→ **About this exercise**: From the material below, copy exactly the lines beginning with the one that contains "The Algerian President, Abdelamdjid" and ending with the one that contains "伝説のあだ名 | 『封印されしスナイパーしいちゃんねる』 |"; the pictures stay out.

→ **Data in this exercise**:
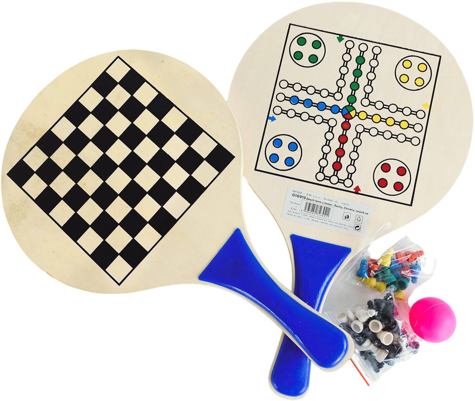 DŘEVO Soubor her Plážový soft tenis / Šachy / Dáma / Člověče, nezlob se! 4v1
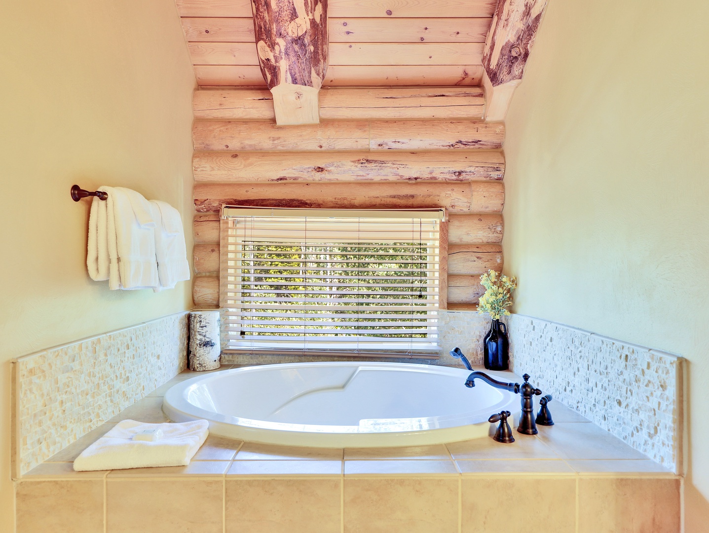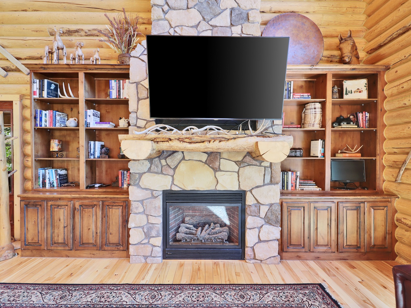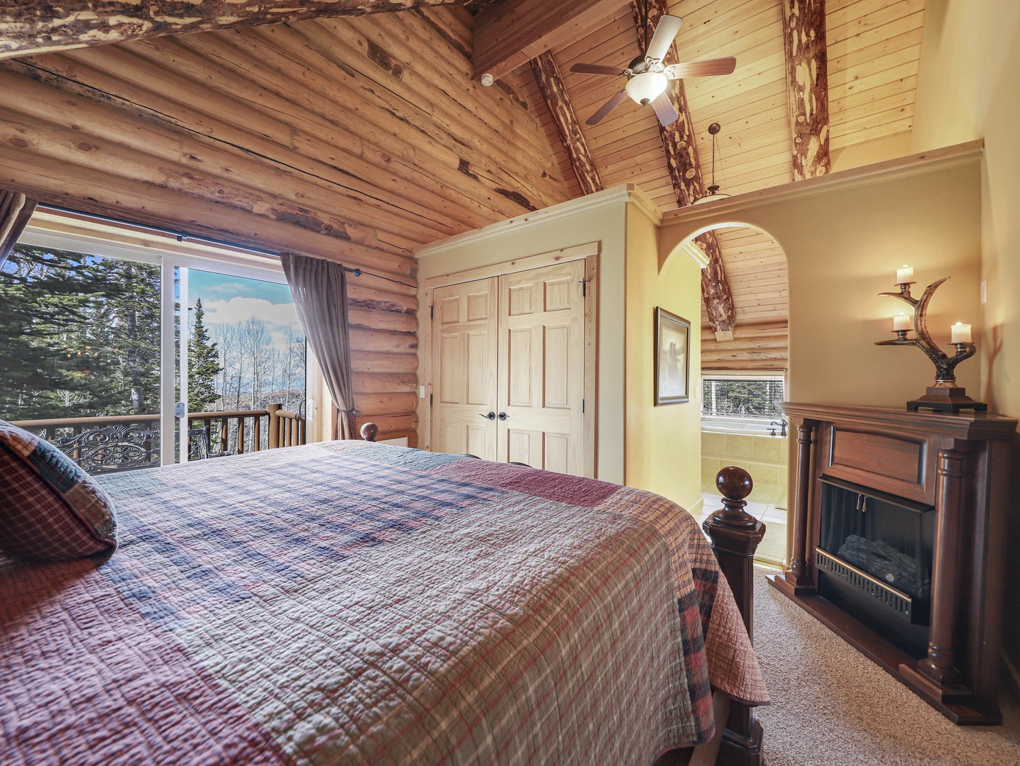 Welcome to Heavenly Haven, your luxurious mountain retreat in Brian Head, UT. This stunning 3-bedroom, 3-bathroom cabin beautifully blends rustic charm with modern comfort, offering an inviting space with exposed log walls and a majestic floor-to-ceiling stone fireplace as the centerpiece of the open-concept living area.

==

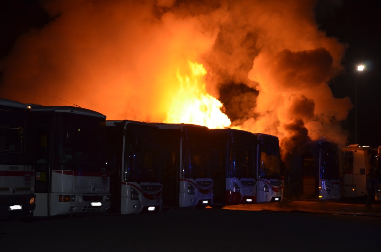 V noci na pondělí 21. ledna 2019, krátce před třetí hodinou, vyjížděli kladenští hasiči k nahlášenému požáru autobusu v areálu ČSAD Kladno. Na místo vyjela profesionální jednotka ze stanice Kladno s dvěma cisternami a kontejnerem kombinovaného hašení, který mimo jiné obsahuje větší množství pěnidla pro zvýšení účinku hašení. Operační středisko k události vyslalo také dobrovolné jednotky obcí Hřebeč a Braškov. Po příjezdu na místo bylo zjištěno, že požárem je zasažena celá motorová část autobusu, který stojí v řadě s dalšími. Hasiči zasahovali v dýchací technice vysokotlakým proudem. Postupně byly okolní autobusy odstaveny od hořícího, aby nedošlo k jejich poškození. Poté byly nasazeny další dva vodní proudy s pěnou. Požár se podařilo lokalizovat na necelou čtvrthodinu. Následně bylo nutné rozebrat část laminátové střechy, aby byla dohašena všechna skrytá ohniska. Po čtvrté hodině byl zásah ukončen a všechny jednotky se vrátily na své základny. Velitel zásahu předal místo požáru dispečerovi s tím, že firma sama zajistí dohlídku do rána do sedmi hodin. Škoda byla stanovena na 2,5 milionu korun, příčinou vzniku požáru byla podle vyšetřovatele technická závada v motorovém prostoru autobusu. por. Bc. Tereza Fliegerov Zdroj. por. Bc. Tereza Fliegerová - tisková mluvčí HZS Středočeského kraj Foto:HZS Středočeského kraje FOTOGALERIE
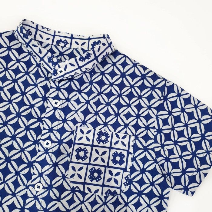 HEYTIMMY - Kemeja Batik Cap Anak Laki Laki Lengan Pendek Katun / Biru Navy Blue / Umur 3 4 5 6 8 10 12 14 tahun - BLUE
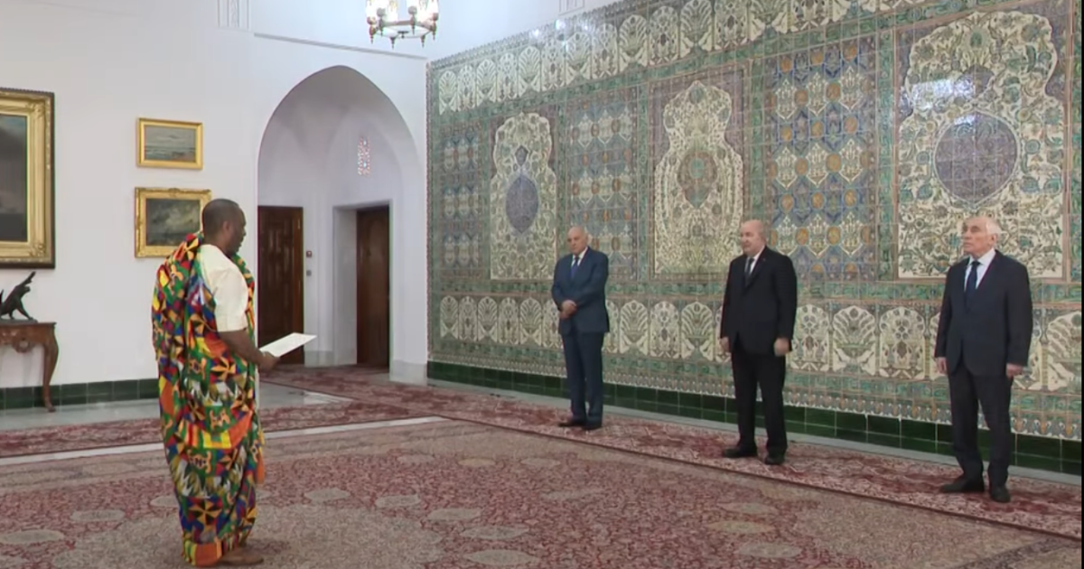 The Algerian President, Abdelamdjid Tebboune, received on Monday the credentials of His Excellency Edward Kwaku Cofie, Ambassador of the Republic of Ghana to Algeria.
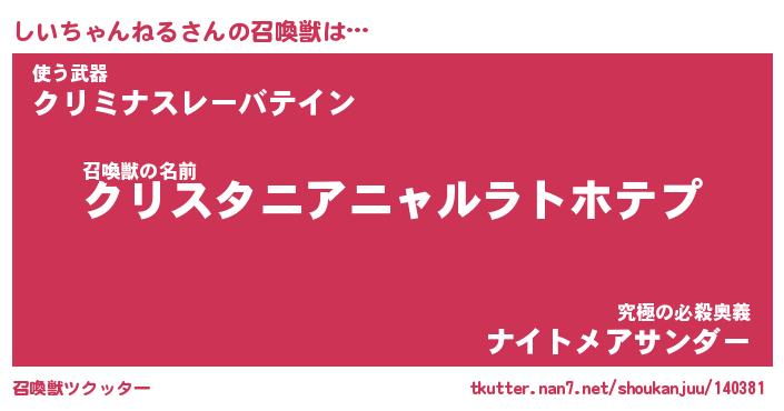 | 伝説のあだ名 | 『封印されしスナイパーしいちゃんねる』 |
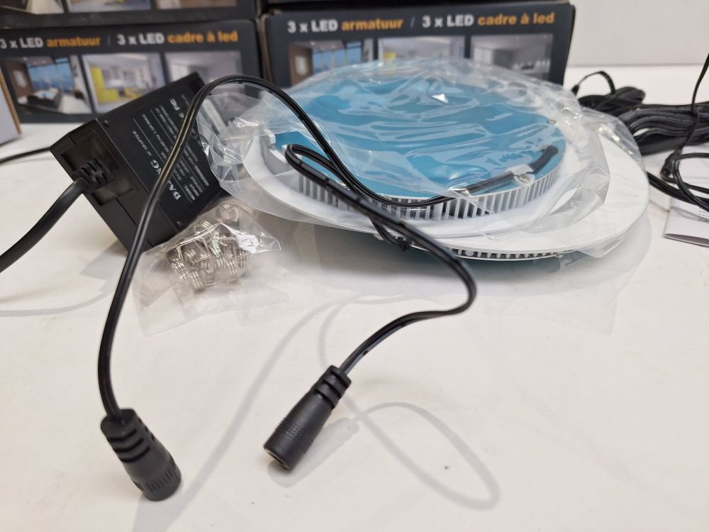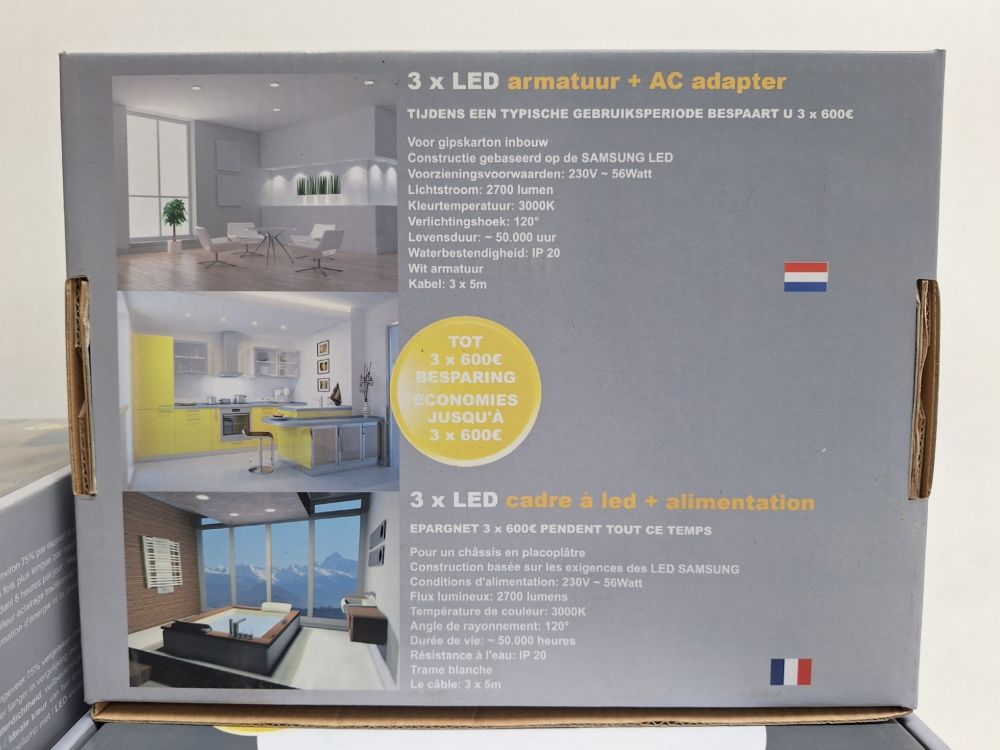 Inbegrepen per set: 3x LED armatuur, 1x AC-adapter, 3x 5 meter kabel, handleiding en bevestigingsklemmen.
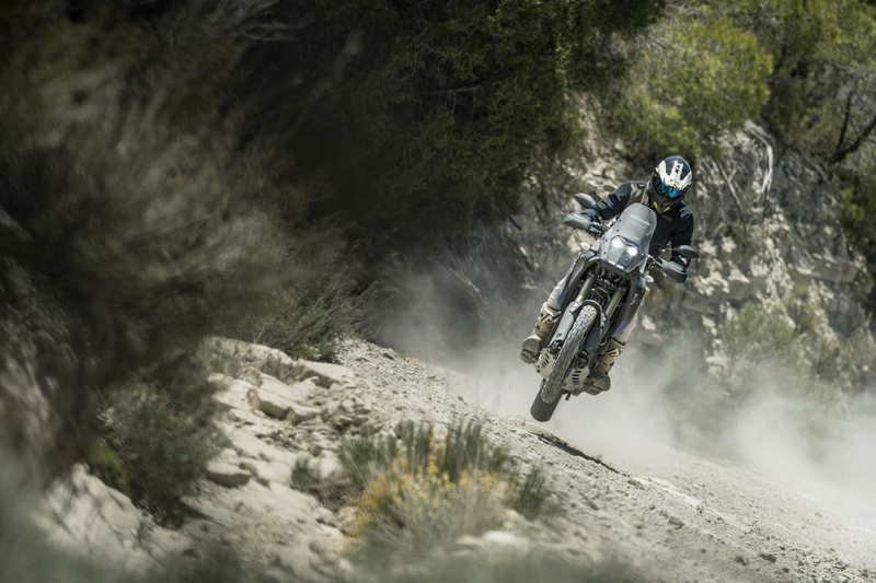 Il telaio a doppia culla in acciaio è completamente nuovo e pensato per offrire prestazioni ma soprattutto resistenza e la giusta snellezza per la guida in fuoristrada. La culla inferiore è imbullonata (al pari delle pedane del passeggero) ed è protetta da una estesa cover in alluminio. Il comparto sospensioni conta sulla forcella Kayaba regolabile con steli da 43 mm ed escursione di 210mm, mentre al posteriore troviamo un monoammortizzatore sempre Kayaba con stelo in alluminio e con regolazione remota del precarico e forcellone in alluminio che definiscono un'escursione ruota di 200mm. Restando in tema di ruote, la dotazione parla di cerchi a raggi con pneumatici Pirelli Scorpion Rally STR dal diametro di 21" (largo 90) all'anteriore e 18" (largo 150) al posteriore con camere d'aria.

--

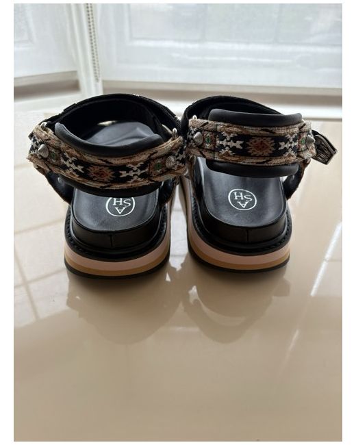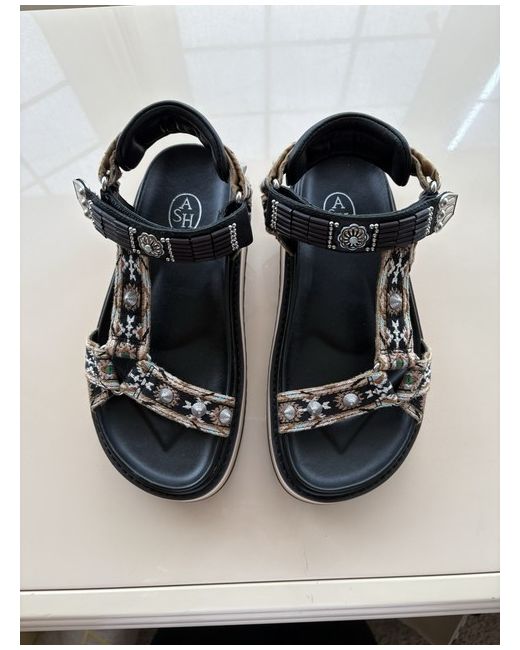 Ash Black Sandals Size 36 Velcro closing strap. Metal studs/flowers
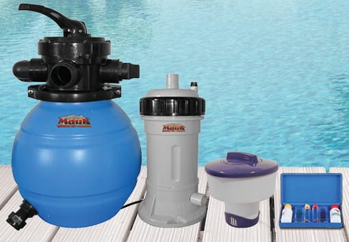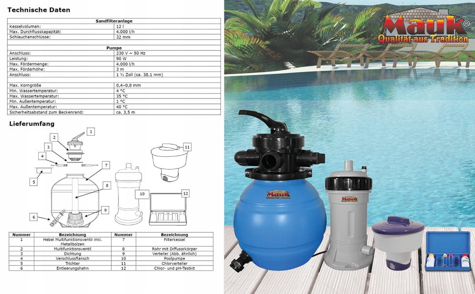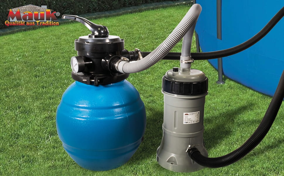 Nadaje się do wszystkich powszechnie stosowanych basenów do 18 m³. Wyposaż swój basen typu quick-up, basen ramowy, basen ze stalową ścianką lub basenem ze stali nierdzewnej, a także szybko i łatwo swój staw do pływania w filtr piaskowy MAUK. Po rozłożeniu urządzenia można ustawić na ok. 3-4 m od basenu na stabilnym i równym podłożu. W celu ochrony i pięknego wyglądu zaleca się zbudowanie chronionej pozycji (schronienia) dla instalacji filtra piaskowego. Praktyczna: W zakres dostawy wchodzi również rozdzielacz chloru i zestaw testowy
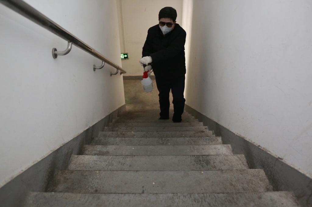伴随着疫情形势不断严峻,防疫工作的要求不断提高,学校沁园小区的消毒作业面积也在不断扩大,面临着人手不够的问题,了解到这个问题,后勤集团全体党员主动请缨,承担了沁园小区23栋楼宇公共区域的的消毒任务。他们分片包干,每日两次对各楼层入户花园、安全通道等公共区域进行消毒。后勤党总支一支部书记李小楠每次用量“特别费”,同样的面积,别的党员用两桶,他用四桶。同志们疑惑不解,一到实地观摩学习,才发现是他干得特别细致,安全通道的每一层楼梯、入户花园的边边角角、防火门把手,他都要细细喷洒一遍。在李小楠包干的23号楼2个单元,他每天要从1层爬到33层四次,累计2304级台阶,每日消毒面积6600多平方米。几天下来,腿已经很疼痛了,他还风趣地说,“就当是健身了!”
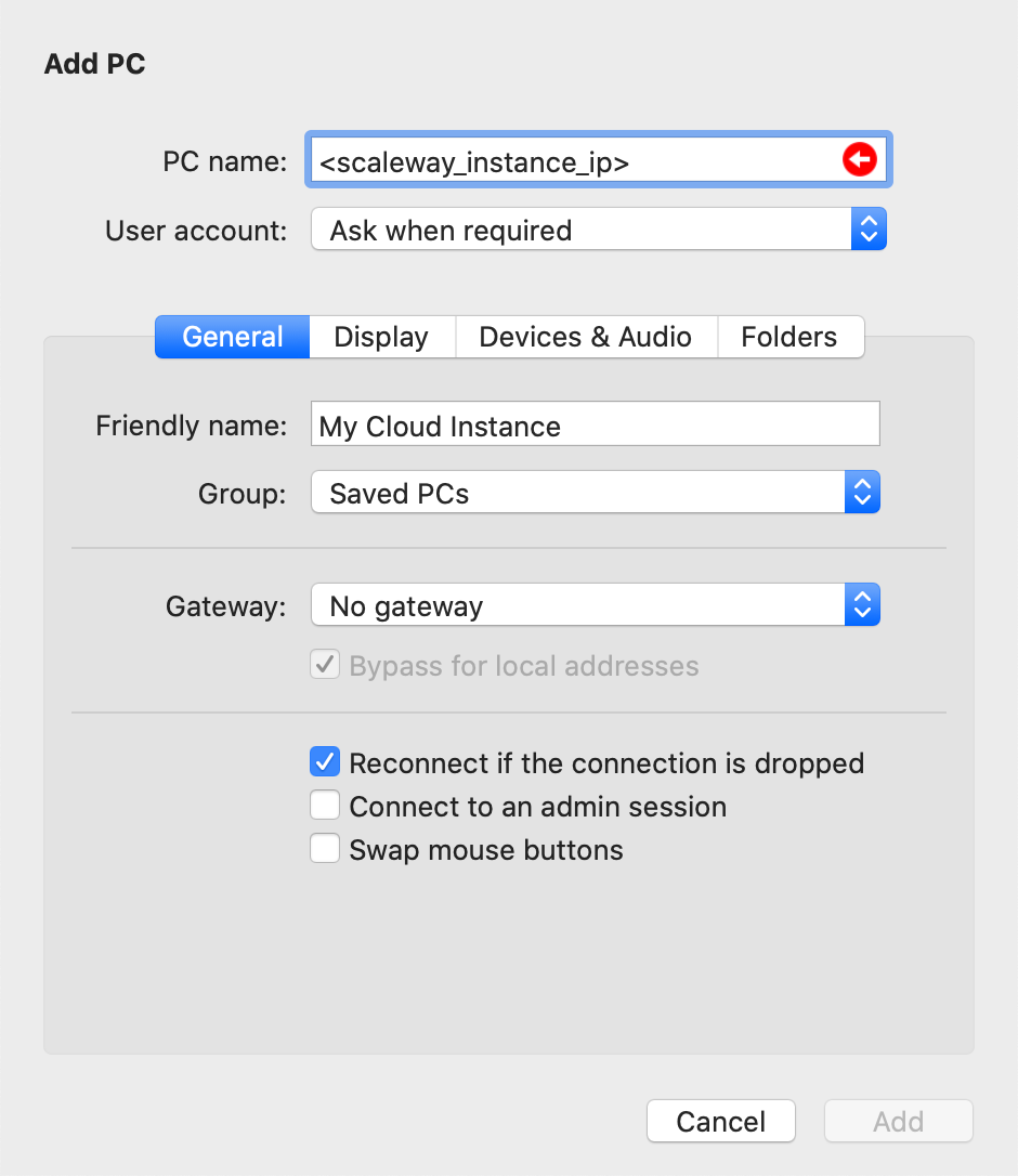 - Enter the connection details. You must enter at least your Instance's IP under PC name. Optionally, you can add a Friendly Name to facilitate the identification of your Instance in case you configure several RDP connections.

→ **Exercise answer**:
 The Algerian President, Abdelamdjid Tebboune, received on Monday the credentials of His Excellency Edward Kwaku Cofie, Ambassador of the Republic of Ghana to Algeria.
 | 伝説のあだ名 | 『封印されしスナイパーしいちゃんねる』 |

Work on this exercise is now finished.